[Tutor] question about run time

Tue May 2 23:49:49 CEST 2006

Hi John,

You can try something like the profiler, which will say where most of the 
program's time is being spent.  We can find documentation on the Python 
profiler here:

     http://www.python.org/doc/lib/profile.html

>From a rough, low-level standpoint, there are tools like 'top' on Linux 
that let you see if a program is idling.  Another low-level program --- 
strace --- allows one to watch for system calls, and can be very useful 
for understanding the low-level performance of a program.

     http://www.liacs.nl/~wichert/strace/

I'm using Solaris on one of my systems, and it comes with a marvelous tool 
called 'dtrace':

     http://www.sun.com/bigadmin/content/dtrace/

So there are good tools for measuring performance from both a high-level 
and a low-level perspective, and we often need to jump betweeen these 
levels to understand program performance.

Let's do some code review.

> It checks some text files for a user name and collects memory and inode 
> usage then adds them together and checks against a set limit...if the 
> limit is reached it calls a mail script to send an email warning.

>From a cursory look at your program, I see one place which seems to be the 
tight inner loop of your program, in extractUserData().
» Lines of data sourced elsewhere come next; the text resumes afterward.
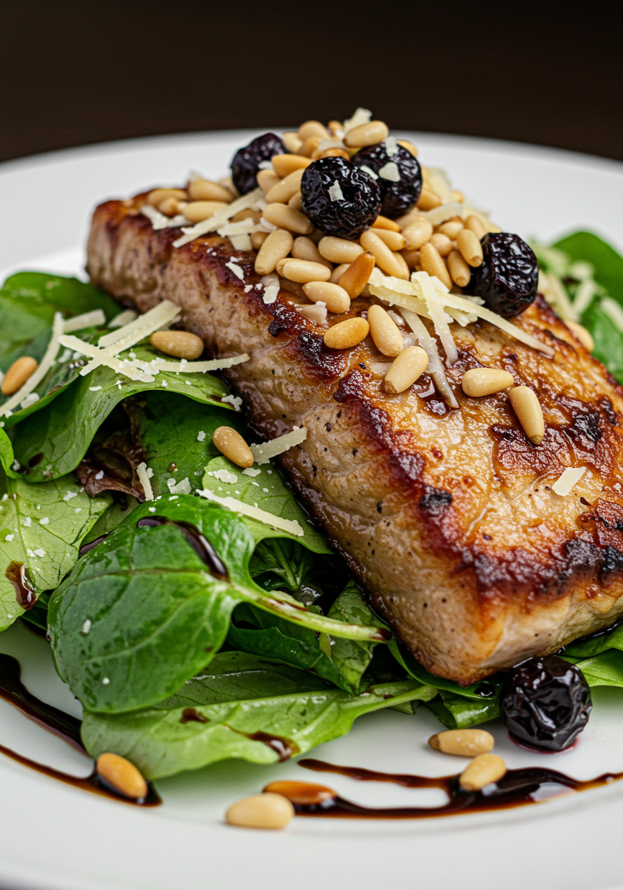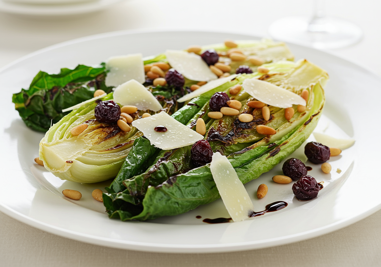 - Top with toasted pine nuts, currants and shaved Parmigiano-Reggiano.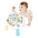- Lumini și sunete atractive – Măsuța este dotată cu efecte de lumină și sunet care atrag atenția micuțului și îi oferă o experiență multisenzorială.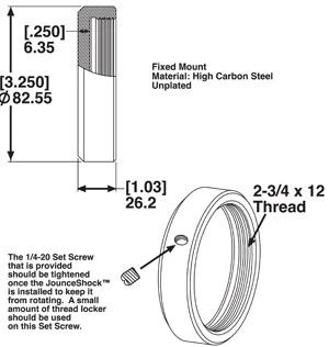 The Fixed Mount assembly can be welded to your mounting point, providing a secure and stable attachment for your shock. It's designed to work seamlessly with the Domed Foot on the shaft end of the shock (part# 25602).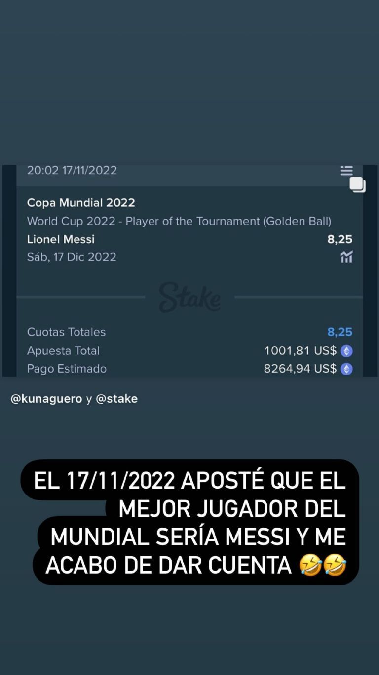“El 17/11/2022 aposté que el mejor jugador del Mundial sería Messi y me acabo de dar cuenta.”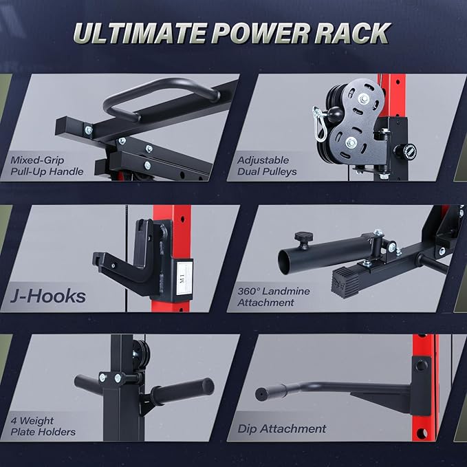 - All-in-One Versatility: Get everything you need for a full-body workout. Your new power rack comes equipped with a high pull-up bar, T-bar, and chest pull-up bar. These accessories unlock countless exercises, so you can target every muscle group from home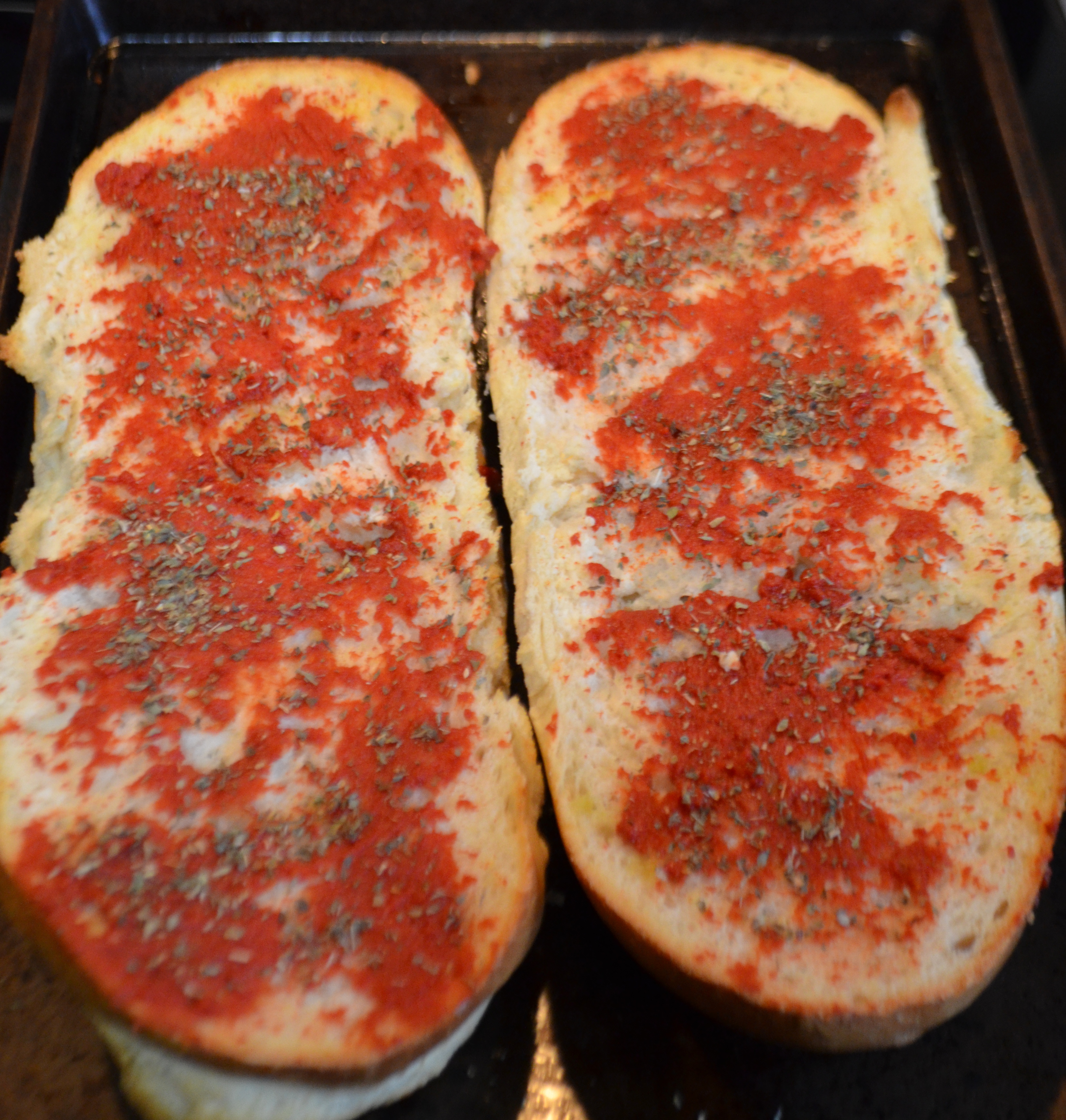 - Remove from the oven and brush with tomato paste. Sprinkle with basil and oregano, and the grated cheese.
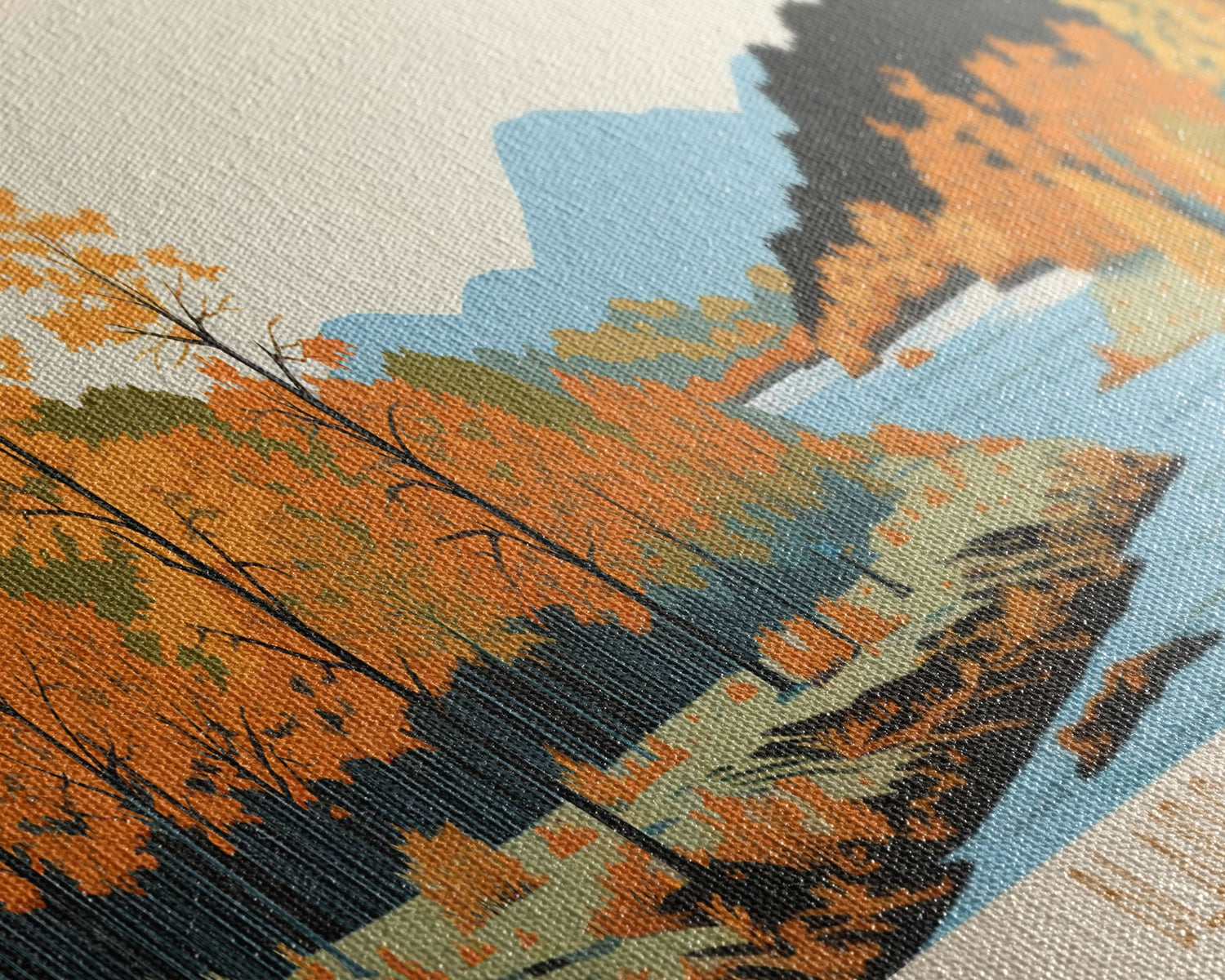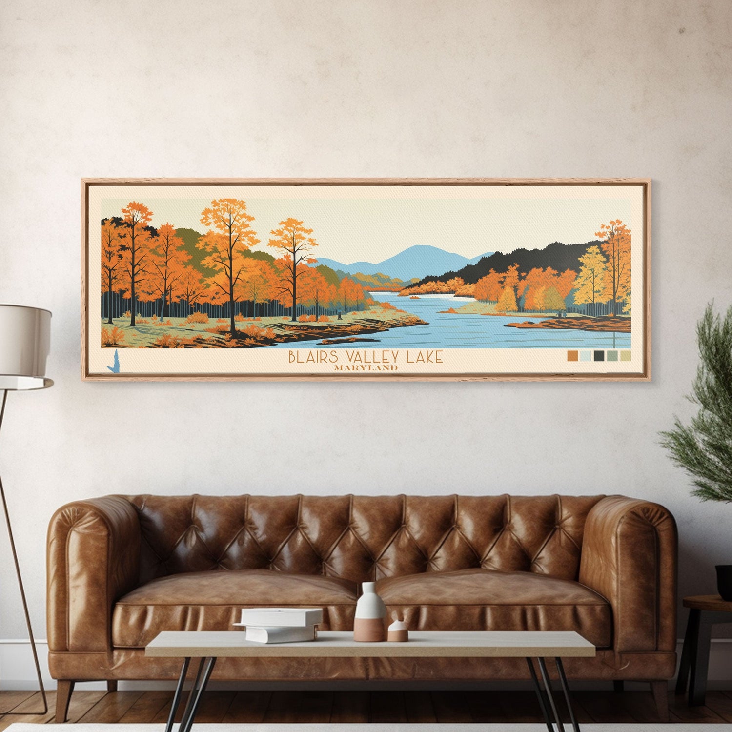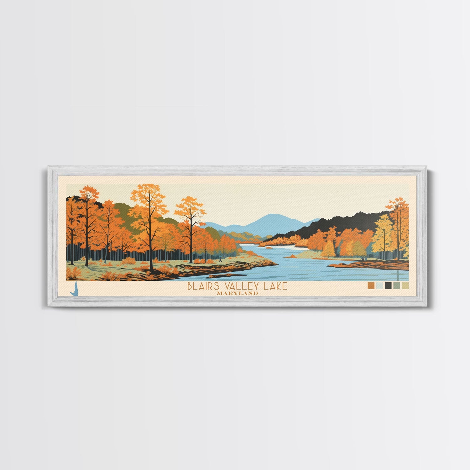 Blairs Valley Lake Maryland Framed Canvas Print, Panoramic Travel Poster, Midcentury Modern Wall Art, Pop Art, Nature Bedroom Art, Scenic Lake House Decor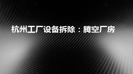 杭州工厂设备拆除:腾空厂房,助力产业转型升级

#####################################################
     def extractUserData(self):
         print self.filePath
         fullList = open(self.filePath,"r").readlines()
         for line in fullList:
             #print "line", line
             singleList = line.split()
             try:
                 if singleList[1] == self.userName:
                    print line
                    return singleList[2],singleList[3]
             except:
                 pass
         return 0,0
#####################################################

This function is called in another loop in your main program, and it 
itself does lots of looping, so let's spend some time looking at this: I 
believe this will be worthwhile.

One small improvement you might want to make here is to avoid reading in 
the whole file at once.  That is, rather than:

     lines = open(filename).readlines()
     for line in lines:
         ...

it's often better to do:

     myfile = open(filename)
     for line in myfile:
         ...

This is a relatively minor detail, and a low-level one.

But a bigger payoff can occur if we take a higher-level look at what's 
happening.  From a high level, the premise of the program is that there's 
a set of text files.  For any particular user, some auxiliary information 
(inode and memory usage.) is being stored in these files.

This is really crying out to be a database.  *grin* I don't know how much 
freedom you have to change things around, but if you can use a database to 
centralize all this information, that will be a very good thing.

If we really must keep things this way, I'd strongly recommend that we 
reconsider doing all the file opening/reading/scanning in the inner loop. 
I suspect that doing all that file opening and linear scanning in the 
inner loop is what strongly influences the program's performance.  This is 
certainly I/O bound, and we want to get I/O out of tight loops like this.

Instead, we can do some preprocessing work up front.  If we read all the 
records at the very beginning and store those records in an in-memory 
dictionary, then extractUserData() can be a very simple lookup rather than 
a filesystem-wide hunt.

It's the conceptual difference between:

########################################################
## Pseudocode; in reality, we'd strip line endings too 
########################################################
while True:
     word = raw_input("enter a word")
     for other in open('/usr/share/dict/words'):
         if other == word:
             print "It's in"
             break
########################################################

vs:

#########################################################
all_words = {}
for word in open('/usr/share/dict/words'):
     all_words[word] = True
while True:
     word = raw_input("enter a word")
     if word in all_words:
         print "It's in"
#########################################################

The former opens and scans the file for each input we get.  The latter 
does a bit of work up front, but it makes up for it if we go through the 
inner loop more than once.

If we were to do a scan for words just once, the former might be 
preferable since it might not need to read the whole file to give an 
answer.  But if we're going to do the scan for several people, the latter 
is probably the way to go.

Good luck to you!